À côté de cette activité de teilleuse, elle est aussi agricultrice et produit du lin avec son père. L’année dernière, la trentenaire se lance dans le chanvre textile. Une fibre d’avenir selon elle, dont la demande augmente sans cesse. Et comme si deux casquettes ne suffisaient pas, elle est aussi artiste peintre et propose des kimonos en lin peints. Une femme aux multiples activités mais surtout passionnée.

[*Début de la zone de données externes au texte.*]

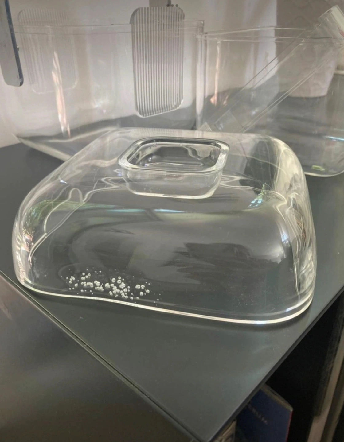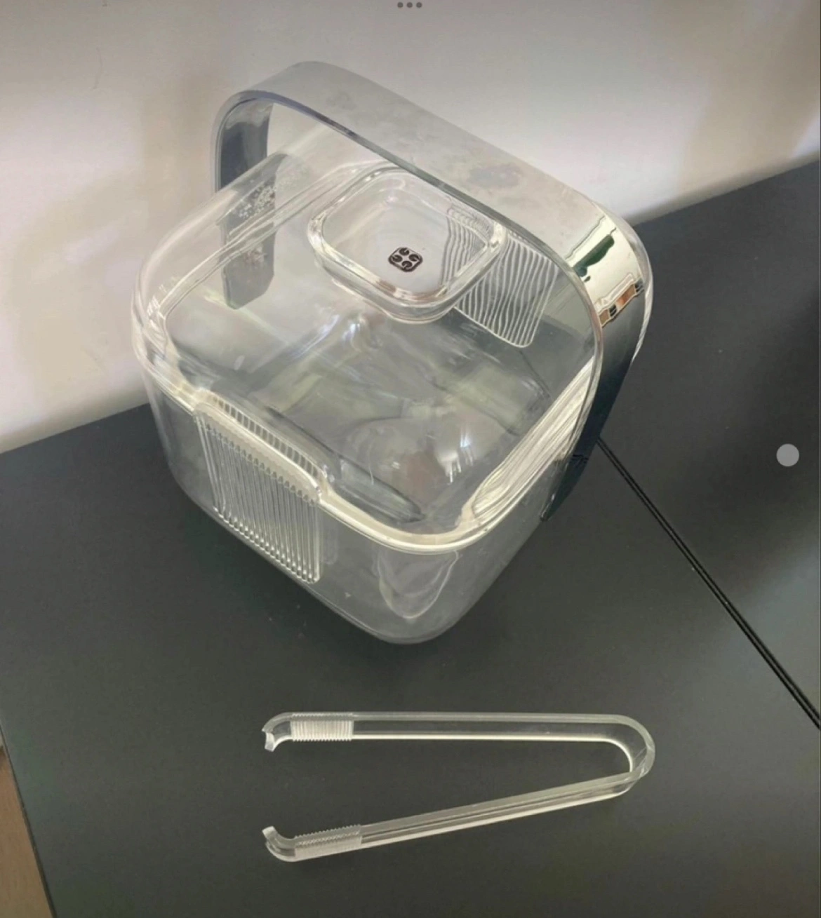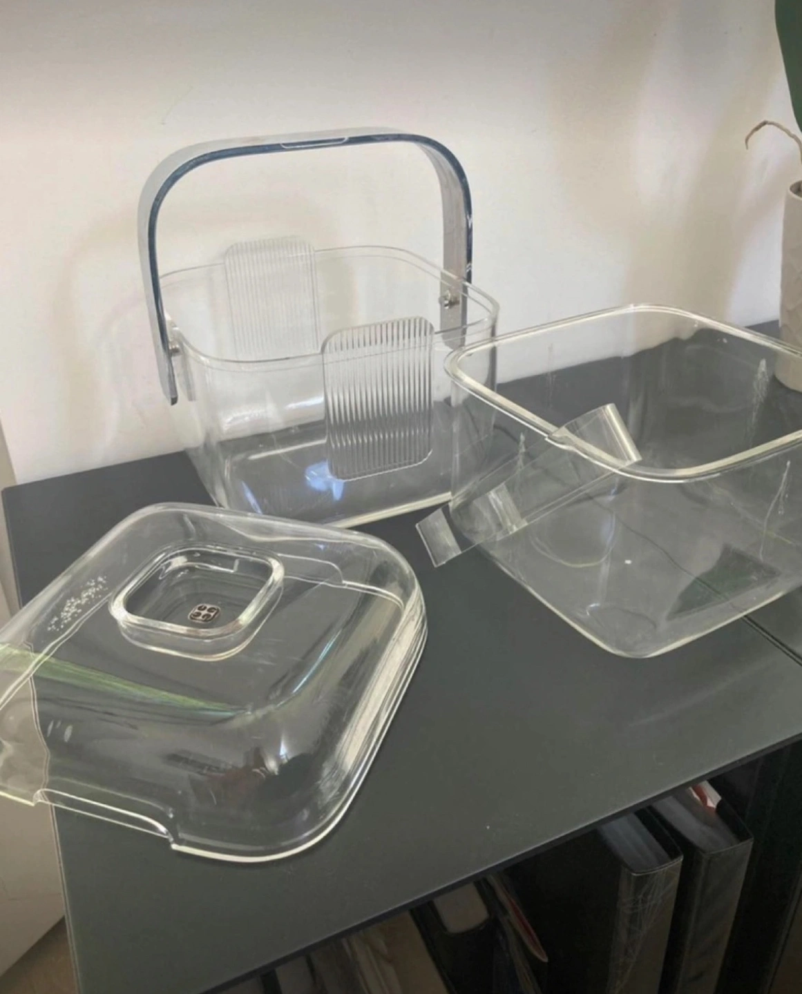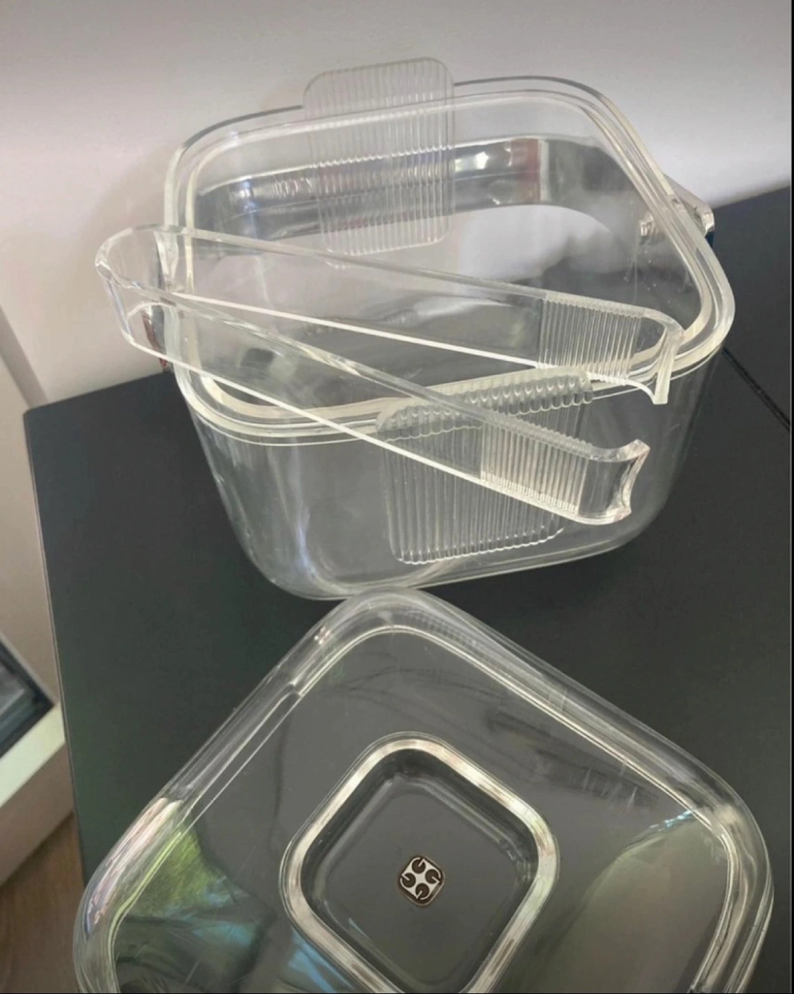 Itโs in great condition, and is complete with its interior bucket to keep things practical and clean, and its tongs. Made in Italy, from the 70s. By Italian designer Guzzini (beautiful simple logo on the lid). Bubbles in one spot from the manufacturing on the lid (itโs not damage).

Si aujourd’hui son métier est une évidence, cela n’a pas toujours été le cas. En effet, avant d’être agricultrice-teilleuse, Marion Dewynter voulait être « architecte d’intérieur ! » D’ailleurs, elle a fait les études pour. Après le collège, elle intègre l’école secondaire artistique Saint-Luc Tournai (Belgique). « Par la suite, j’ai été repéré pour mon talent , raconte-t-elle, humblement. Je suis devenue l’architecte d’intérieur d’une des filles du Président de la République du Congo. C’est pourquoi j’ai effectué une mission en Afrique quelques mois. »

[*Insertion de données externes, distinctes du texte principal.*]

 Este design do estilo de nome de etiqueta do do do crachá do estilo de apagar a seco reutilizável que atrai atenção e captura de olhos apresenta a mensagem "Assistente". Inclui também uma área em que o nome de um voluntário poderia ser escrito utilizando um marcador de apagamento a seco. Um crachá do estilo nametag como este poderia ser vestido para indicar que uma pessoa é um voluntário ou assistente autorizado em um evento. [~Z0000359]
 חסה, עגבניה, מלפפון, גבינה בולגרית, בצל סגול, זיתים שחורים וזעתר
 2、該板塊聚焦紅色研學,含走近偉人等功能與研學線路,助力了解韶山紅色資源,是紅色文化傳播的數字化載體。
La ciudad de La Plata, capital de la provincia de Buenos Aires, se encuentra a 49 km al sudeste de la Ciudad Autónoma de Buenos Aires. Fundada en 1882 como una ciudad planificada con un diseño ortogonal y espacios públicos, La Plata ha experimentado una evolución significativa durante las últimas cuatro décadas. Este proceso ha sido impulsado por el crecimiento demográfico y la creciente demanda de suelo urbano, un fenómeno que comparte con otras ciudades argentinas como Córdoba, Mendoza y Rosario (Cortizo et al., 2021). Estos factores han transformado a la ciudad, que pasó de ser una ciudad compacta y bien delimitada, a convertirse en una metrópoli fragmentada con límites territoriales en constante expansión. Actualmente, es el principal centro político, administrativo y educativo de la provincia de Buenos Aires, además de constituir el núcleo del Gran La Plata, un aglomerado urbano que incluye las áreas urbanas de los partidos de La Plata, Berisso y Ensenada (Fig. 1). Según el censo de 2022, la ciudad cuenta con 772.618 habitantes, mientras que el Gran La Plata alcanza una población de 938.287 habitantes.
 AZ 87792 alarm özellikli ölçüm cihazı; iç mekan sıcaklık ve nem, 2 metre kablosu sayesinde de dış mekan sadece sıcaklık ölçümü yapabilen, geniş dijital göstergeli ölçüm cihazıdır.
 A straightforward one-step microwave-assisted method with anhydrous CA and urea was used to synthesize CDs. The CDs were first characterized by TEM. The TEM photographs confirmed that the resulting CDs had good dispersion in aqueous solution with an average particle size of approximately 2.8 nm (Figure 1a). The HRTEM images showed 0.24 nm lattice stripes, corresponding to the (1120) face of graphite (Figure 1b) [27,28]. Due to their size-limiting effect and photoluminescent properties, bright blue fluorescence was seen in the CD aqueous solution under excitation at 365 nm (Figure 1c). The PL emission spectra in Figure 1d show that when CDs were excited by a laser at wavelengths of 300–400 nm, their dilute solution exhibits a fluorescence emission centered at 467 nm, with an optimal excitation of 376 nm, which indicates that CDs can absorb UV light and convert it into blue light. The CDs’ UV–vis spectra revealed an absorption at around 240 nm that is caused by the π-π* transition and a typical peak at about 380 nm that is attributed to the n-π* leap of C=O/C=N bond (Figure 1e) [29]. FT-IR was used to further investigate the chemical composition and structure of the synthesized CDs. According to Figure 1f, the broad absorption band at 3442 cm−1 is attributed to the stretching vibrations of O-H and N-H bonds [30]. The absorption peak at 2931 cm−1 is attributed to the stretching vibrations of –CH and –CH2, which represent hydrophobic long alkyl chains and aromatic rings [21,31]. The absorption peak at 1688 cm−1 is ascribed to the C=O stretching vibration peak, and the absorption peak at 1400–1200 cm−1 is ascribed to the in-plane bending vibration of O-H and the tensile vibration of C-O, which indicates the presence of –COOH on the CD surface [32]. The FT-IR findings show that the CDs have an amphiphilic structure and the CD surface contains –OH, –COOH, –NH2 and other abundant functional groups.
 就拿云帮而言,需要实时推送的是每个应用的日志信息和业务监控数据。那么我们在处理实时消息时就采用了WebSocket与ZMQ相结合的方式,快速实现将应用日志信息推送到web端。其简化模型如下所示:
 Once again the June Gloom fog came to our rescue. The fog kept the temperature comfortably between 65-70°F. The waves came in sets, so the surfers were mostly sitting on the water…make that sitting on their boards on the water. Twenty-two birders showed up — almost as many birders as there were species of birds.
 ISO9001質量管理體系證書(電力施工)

Hélas, elle y contracte un paludisme foudroyant. C’est un déclic : « J’ai décidé de rentrer à Rubrouck, là où était ma famille. À ce moment-là, il n’y avait plus de repreneur pour l’entreprise alors j’ai décidé de prendre cette place. Il n’y a pas d’école du lin, c’est quelque chose qui se transmet et il était essentiel pour moi que ce savoir-faire perdure. »

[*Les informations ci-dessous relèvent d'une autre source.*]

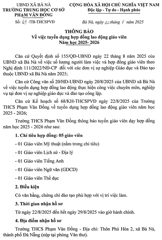 Trường THCS Phạm Văn Đồng, xã Bà Nà, TP. Đà Nẵng tuyển dụng giáo viên dạy hợp đồng năm học 2025 – 2026
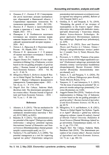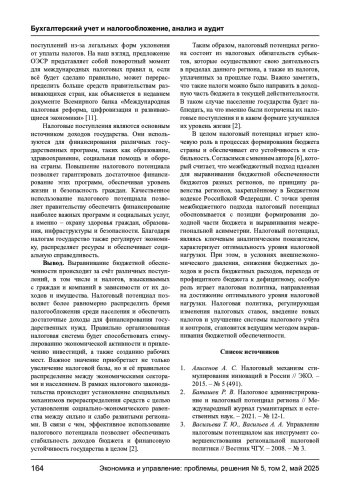 2. Баташев Р. В. Налоговое администрирование и налоговый потенциал региона // Международный журнал гуманитарных и естественных наук. - 2021. - № 12-1. EDN: DOUVMS
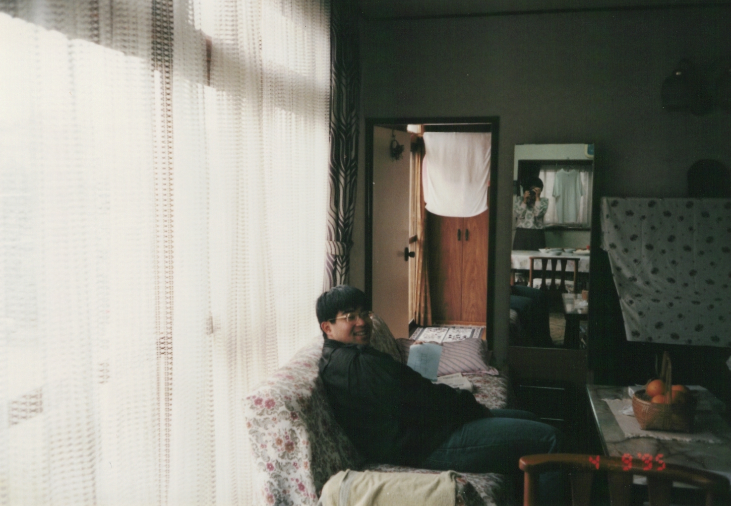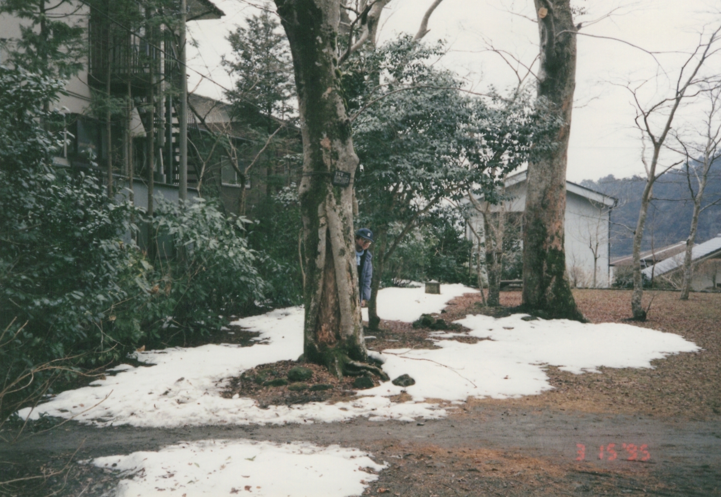数日後(もう4月に入っている)日記の残りを書くためと、テントのシート(伊東での続き)を作るため集合。(我が家の庭にて)
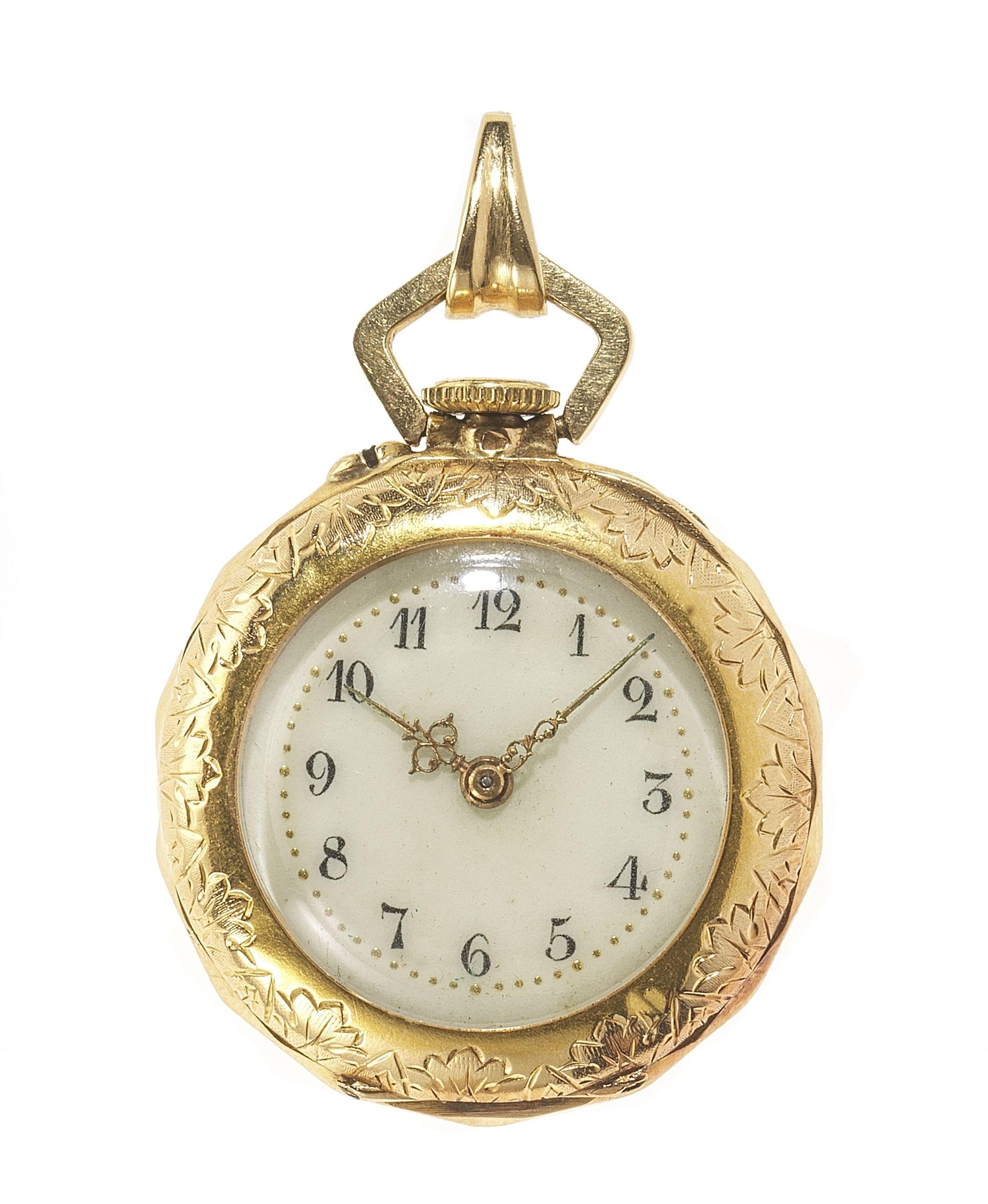 Cadran crème, aiguilles dorées, chiffres arabes noirs, travail français, or 585, D 28 mm, poids brut 20 g

Pour elle, le lin avait toujours été là dans un coin de sa tête. « J’ai grandi là-dedans ! Pour faire ce métier de toute façon il n’y a pas de secret : il faut être passionnée. J’ai attrapé le virus du lin toute petite et aujourd’hui, je revis quand arrive le moment des récoltes. » Mais même en aillant le virus et les connaissances qui vont avec, Marion Dewynter a senti qu’elle avait besoin d’un diplôme agricole : « Je voulais savoir de quoi je parlais. J’ai donc repris des études en accéléré pour passer un brevet professionnel de responsable agricole. J’ai fini première de promo », sourit-elle.
Car, même si dans la sphère familiale le fait qu’elle soit une femme ne pose pas de difficulté, son style et son parcours « pas communs font que je dois faire mes preuves. Dans un premier temps, quand des personnes du milieu me rencontrent, ils sont un peu surpris par mes tatouages par exemple. Mais une fois que l’on discute, ils voient que je maîtrise. »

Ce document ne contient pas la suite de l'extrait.